Source material:

※

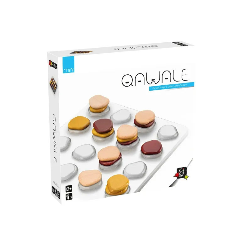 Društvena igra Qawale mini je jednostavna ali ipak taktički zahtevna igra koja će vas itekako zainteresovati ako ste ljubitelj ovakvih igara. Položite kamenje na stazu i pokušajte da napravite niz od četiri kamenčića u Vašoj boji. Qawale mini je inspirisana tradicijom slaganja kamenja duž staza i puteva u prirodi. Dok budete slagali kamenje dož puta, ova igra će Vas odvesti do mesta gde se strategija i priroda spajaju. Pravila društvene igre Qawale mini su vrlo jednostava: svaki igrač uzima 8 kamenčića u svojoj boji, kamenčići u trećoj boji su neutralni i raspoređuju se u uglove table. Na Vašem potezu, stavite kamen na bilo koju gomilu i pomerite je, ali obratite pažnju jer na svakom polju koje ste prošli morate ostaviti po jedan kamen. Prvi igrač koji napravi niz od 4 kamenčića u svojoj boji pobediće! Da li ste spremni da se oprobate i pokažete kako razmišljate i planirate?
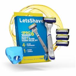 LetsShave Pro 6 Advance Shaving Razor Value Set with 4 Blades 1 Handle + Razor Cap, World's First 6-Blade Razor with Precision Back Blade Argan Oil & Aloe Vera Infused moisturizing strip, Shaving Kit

※

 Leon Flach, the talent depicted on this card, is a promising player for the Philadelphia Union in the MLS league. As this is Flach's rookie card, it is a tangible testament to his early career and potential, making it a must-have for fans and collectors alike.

※

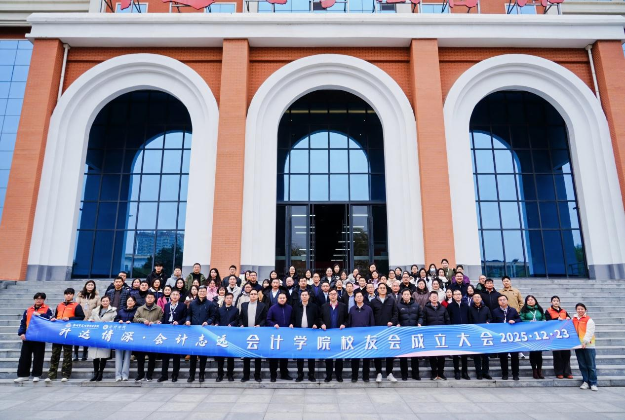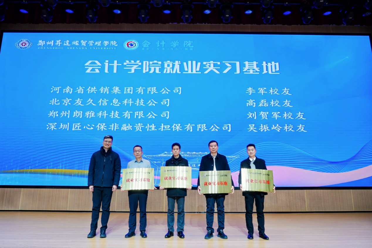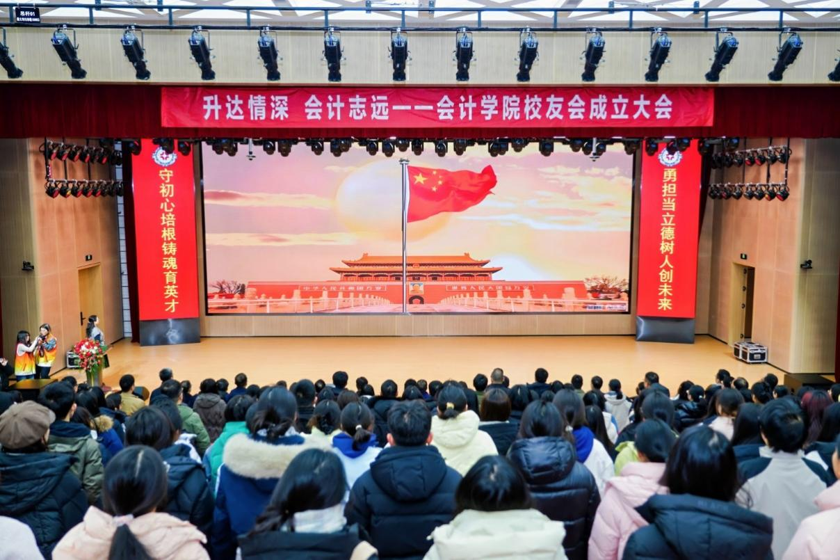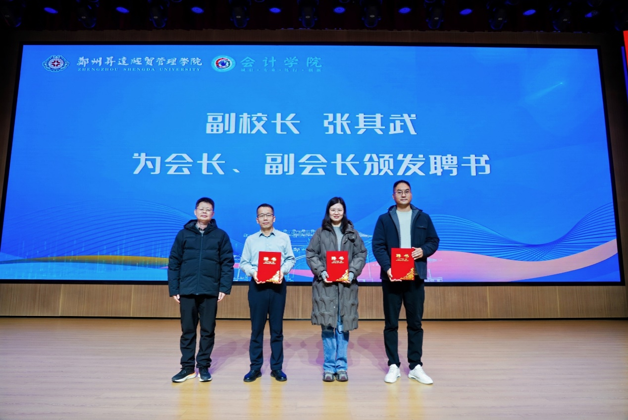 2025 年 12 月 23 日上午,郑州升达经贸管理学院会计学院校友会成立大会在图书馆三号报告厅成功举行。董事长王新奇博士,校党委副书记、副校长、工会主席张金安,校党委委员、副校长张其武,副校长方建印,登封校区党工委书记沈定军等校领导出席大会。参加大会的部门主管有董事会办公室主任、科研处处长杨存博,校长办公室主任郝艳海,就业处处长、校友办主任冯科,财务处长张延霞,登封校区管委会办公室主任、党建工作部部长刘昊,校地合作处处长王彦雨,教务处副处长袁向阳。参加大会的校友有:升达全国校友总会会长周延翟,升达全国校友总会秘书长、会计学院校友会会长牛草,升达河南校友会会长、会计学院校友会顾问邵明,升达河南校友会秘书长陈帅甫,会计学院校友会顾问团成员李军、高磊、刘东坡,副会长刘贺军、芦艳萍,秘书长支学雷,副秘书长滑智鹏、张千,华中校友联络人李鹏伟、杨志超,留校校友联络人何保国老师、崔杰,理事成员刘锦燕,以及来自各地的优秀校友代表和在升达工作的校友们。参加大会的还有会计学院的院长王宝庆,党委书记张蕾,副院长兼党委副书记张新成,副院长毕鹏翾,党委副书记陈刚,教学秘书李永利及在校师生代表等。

※

Exercise details: Give back exactly the lines of the listing above from the one that contains "Društvena igra Qawale" up to and including the one that contains "LetsShave Pro 6", but not the pictures, and no other lines.

Answer to this task:
 Društvena igra Qawale mini je jednostavna ali ipak taktički zahtevna igra koja će vas itekako zainteresovati ako ste ljubitelj ovakvih igara. Položite kamenje na stazu i pokušajte da napravite niz od četiri kamenčića u Vašoj boji. Qawale mini je inspirisana tradicijom slaganja kamenja duž staza i puteva u prirodi. Dok budete slagali kamenje dož puta, ova igra će Vas odvesti do mesta gde se strategija i priroda spajaju. Pravila društvene igre Qawale mini su vrlo jednostava: svaki igrač uzima 8 kamenčića u svojoj boji, kamenčići u trećoj boji su neutralni i raspoređuju se u uglove table. Na Vašem potezu, stavite kamen na bilo koju gomilu i pomerite je, ali obratite pažnju jer na svakom polju koje ste prošli morate ostaviti po jedan kamen. Prvi igrač koji napravi niz od 4 kamenčića u svojoj boji pobediće! Da li ste spremni da se oprobate i pokažete kako razmišljate i planirate?
 LetsShave Pro 6 Advance Shaving Razor Value Set with 4 Blades 1 Handle + Razor Cap, World's First 6-Blade Razor with Precision Back Blade Argan Oil & Aloe Vera Infused moisturizing strip, Shaving Kit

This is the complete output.